Quantum computing is not a technology widely used in the federal government today, but it could be in the future. The Defense Advanced Research Projects Agency lives in the future, and it wants to know more about the technology now so that it can help the Pentagon get ahead of China and other adversaries.
The Defense Department’s research arm last month issued a request for information on quantum computing, seeking input on how the technology will practically impact other areas, including artificial intelligence, physical systems and data analytics. Specifically, DARPA’s Defense Sciences Office is looking for information “on new capabilities that could be enabled by current and next generation quantum computers for understanding complex physical systems, improving” artificial intelligence, machine learning and enhancing distributed sensing. Notably, DARPA wants to explore quantum computing’s effects on “hard” science and technology problems and not cryptography.

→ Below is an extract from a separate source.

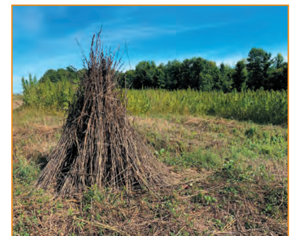
Figure 8. (top): Well-retted hempstalk with bast fiber pulling away from hurd in a 'bowstring' formation. Figure 9. (middle): Fibers field retting by variety. Brown piles in the background have been retting longer than fresh green piles in the foreground. Figure 10. (bottom): Retted fiber drying in a formation called a 'stook'.

DARPA’s outreach to industry and academia comes as Congress contemplates ramping up funding for quantum research. DARPA says in its RFI that it wants to challenge the scientific, academic and private sector communities “to address the fundamental limits of quantum computing and to identify where quantum computing can relevantly address hard science and technology problems.”
The RFI seeks responses on four key challenges: the fundamental limits of quantum computing, hybrid approaches to machine learning, interfacing quantum sensors with quantum computing resources, and quantum computing-inspired algorithms and processes that are applicable to classical computers.
Responses are due Aug. 10 and will be used to identify participants and speakers for a potential workshop.
DARPA Wants to Understand How Quantum Computing Will Impact AI
First, some basics. What is quantum computing? As FedTech has reported:
Quantum computing harnesses the laws of quantum mechanics to carry out complex data operations. While traditional computers use bits (represented as either binary 1s or 0s), quantum computing harnesses quantum bits, known as qubits. These can be read as 1s, 0s, or both, providing exponential computing power over traditional computers by creating shortcuts in the computing process. The challenge, though, comes in scale. The more qubits a machine uses, the more likely a breakdown will occur.
DARPA is concerned about how quantum-computing capabilities will develop and be limited over the near term (the next few years) and longer term (the next few decades).
An issue of particular interest to DARPA is the potential impact of quantum computing on so-called “second wave” AI/ML optimization. Machine learning, DARPA says in the RFI, has “shown significant value in a broad range of real world problems, but the training time (due to the size and variety of the data needed for learning) and also network design space (due to a paucity of detailed analysis and theory for ML/deep learning (DL) systems) are large.”
Quantum computing has the potential to “significantly decrease training time of currently standard ML approaches by providing quantum speedup on optimization subroutines,” DARPA notes in the RFI. New ML capabilities could potentially be unleashed by combining a limited number of quantum computers with either existing quantum sensors or classical computing resources, which might “bypass the problems of state preparation and interfacing to classical memory.”
“In this case it has been posited that by aggregating quantum data from distributed sensors, a quantum computer may improve the performance beyond what could be classically achievable,” DARPA says.
DARPA also seeks information on “adapting to classical computers some of the techniques that are being developed for handling quantum data (both at the algorithm level as well as protocols for loading, storing and transferring data).” Such “quantum inspired” approaches may “provide novel capabilities in terms of efficiency and speed,” DARPA notes.
Congress Aims to Ramp Up Quantum Research Funding
The U.S. is not the only country interested in and investing in quantum computing. Indeed, China seeks to be a leader in the field, and “its government is building a $10 billion National Laboratory for Quantum Information Sciences in Hefei, Anhui Province, which is slated to open in 2020,” Bloomberg News reports.
Last month, Sen. John Thune, chairman of the U.S. Senate Committee on Commerce, Science and Transportation, said in a statement that the U.S. “is now in a race with China and Europe to develop the next technological breakthroughs based on the power of quantum science. It's a race we must win.”
Thune and Rep. Lamar Smith have introduced companion measures in the Senate and House, the National Quantum Initiative Act of 2018, to “help align and accelerate public and private research and development of quantum science,” as Thune’s statement puts it.
Back in late June, the House Science, Space, and Technology Committee unanimously approved its version of the bill. The bill would establish a National Quantum Coordination Office within the White House Office of Science and Technology Policy “to oversee interagency coordination, provide strategic planning support, serve as a central point of contact for stakeholders, conduct outreach and promote commercialization of federal research by the private sector,” a statement from the committee says.
Importantly, as Science magazine notes, the bill would authorize three agencies — the Energy Department, the National Institute of Standards and Technology and the National Science Foundation — to together spend $1.275 billion from 2019 to 2023 on quantum research. DOE would get $625 million of that total, NIST would receive $400 million and NSF would get $250 million.